In McKinsey’s 2025 State of AI survey, 88% of organisations reported using AI in at least one business function — up from 78% a year earlier. For anyone weighing a one-year MBA, that number signals a real shift: AI has moved out of the technology department and into everyday business decisions. Marketing teams now use it to interpret customer data, finance teams to flag anomalies and risks, and strategy teams to synthesise research faster than before.
That shift changes what employers expect from managers. A modern MBA graduate is judged less on functional knowledge alone and more on whether they can work sensibly alongside AI and data. Encouragingly, managers do not need to become data scientists to do this. What they need is AI fluency — the judgement to know where AI adds value, how to read its output, and when human decision-making should take over.
This article looks at how AI is being applied across business functions, why that matters for one-year MBA and PGPM aspirants, and the practical skills worth building before you graduate.

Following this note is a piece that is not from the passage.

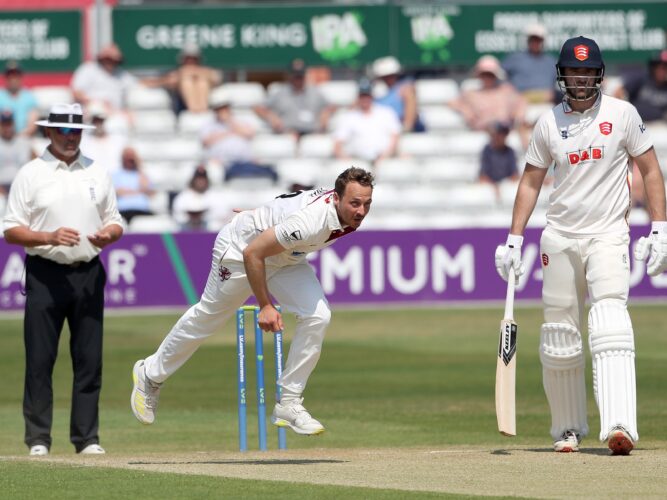Play began following an impeccably-observed minute’s silence to pay tribute to the victims of the Nottingham attacks, Barnaby Webber, who represented Bishops Hull CC in Somerset, and Grace O’Malley-Kumar, who played in Essex age-group sides between 2015 and 2019.

AI Is Reshaping the Manager’s Role, Not Replacing It
The clearest change is in how managers spend their time. Rather than doing routine analysis by hand, they increasingly direct AI tools to draft, summarise, forecast, and surface patterns — then apply business judgement to the results. Common uses include data analysis, market research, forecasting, content and communication, process automation, customer insights, decision support and scenario planning.
Here it helps to separate two ideas. Technical AI expertise is the ability to build and train models — the domain of data scientists and engineers. AI fluency is the ability to use AI thoughtfully within a business context. Most managers need the second, not the first.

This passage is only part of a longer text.